Table of Contents

  1. Getting Started
  2. Prerequisites
    1. Using NodeJS
  3. Running the examples

Getting Started

Prerequisites

Using NodeJS

Different hosting environments support different versions of Node.js, and it is common for developers to install a version that is current when they first setup their dev environment and then never update again. Best practice is to list the supported version of node and npm in the engines property of the project package.json to help indicate the supported path in both cases.

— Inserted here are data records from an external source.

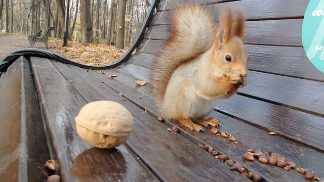 Очень трусливая и одновременно очень голодная белка
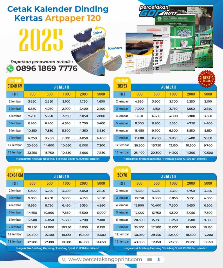 Mengingat jumlah kebutuhan yang cukup tinggi dan kualitas yang perlu diperhatikan, sehingga Anda dan pebisnis lainnya cenderung mencari harga cetak kalender tahun 2025 yang murah dan hemat, tetapi kualitas cetaknya tetap bagus.
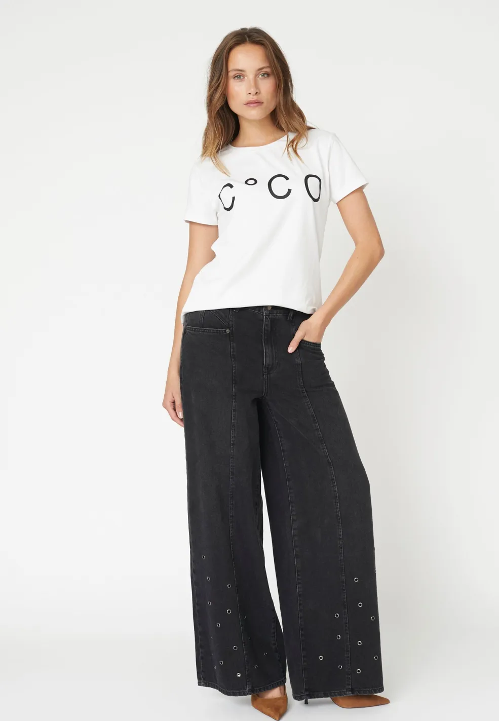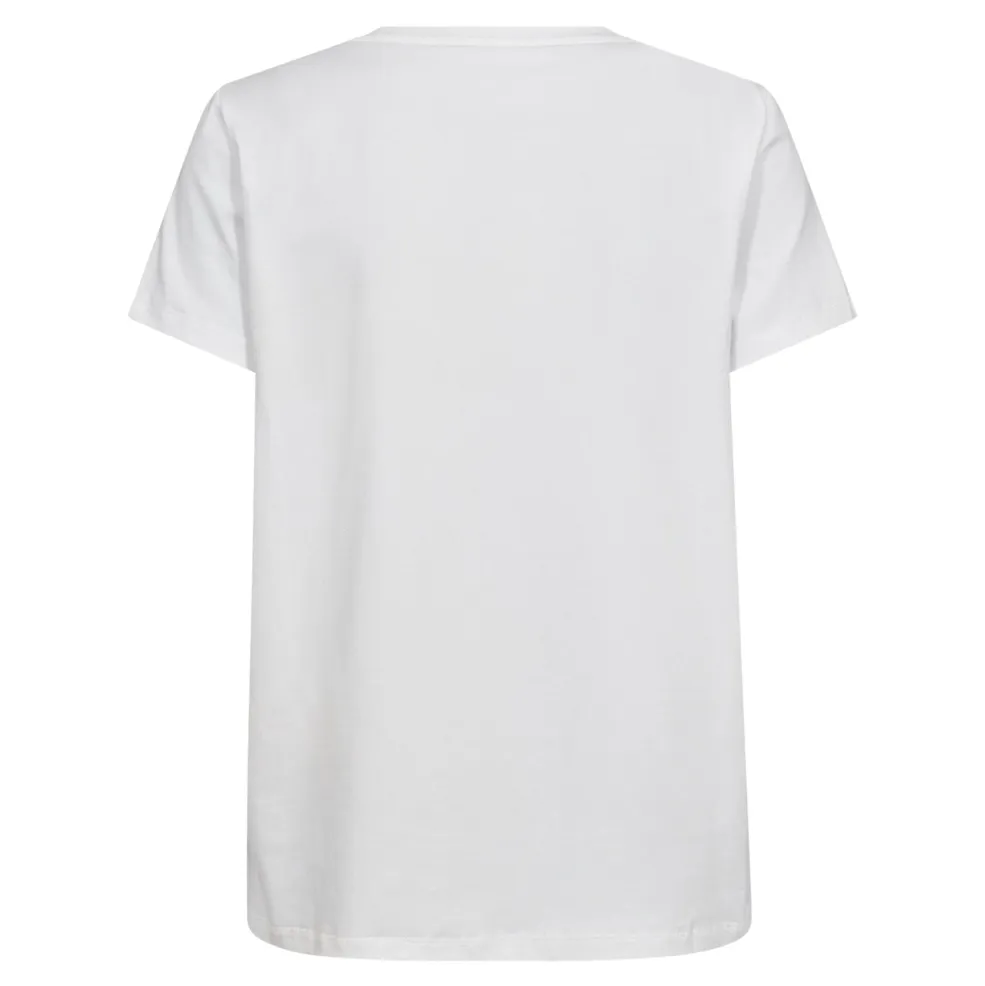 Hvid T-shirt fra Co´Couture med sort print på fronten. T-shirten er lavet af 95 % bomuld og 5 % elastan.
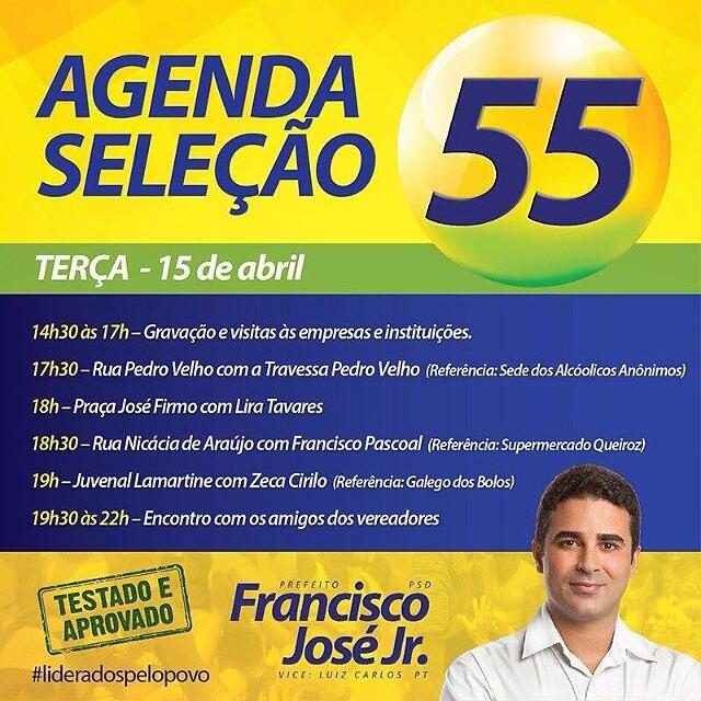 Acaba de ser disponibiliza a agenda dos candidatos a prefeito, Francisco José Júnior, PSD, e vice, Luís Carlos, PT, para esta terça-feira, 15.

It is common for an app to need to support different node versions (e.g., v14 vs v16), or to be working on different apps that are locked to different node versions. In this case, it is recommended to use a NodeJS version manager to easily switch between versions in your app development travels:

Running the examples

There's a completely functional REST api included via json-server in the src/app/examples/test-api folder. If you don't have json-server already installed globally run the following at a command prompt...

npm install -g json-server

Next, for Windows environments run

npm run testapi-win

or on a Mac run

npm run testapi-mac

in a separate console from your npm start that you use to serve up the app. This will run a fully functional REST api at localhost:3000, serving the data in the src/app/examples/test-api/db.json file via that url. You should be able to go to localhost:3000/products in a browser tab to get a list of products.

Once you run npm start to serve the app in a separate console, Angular will be proxying all xhr calls starting with /api to localhost:3000, so now you should also be able to go to localhost:4200/api/products in a browser tab to exercise the same api call as above. This removes all CORS issues.

Now, just go to localhost:4200/examples to see several example modules in action. The Ngrx Crud and Simple Store pages are completely debuggable end-to-end, using actual xhr api calls.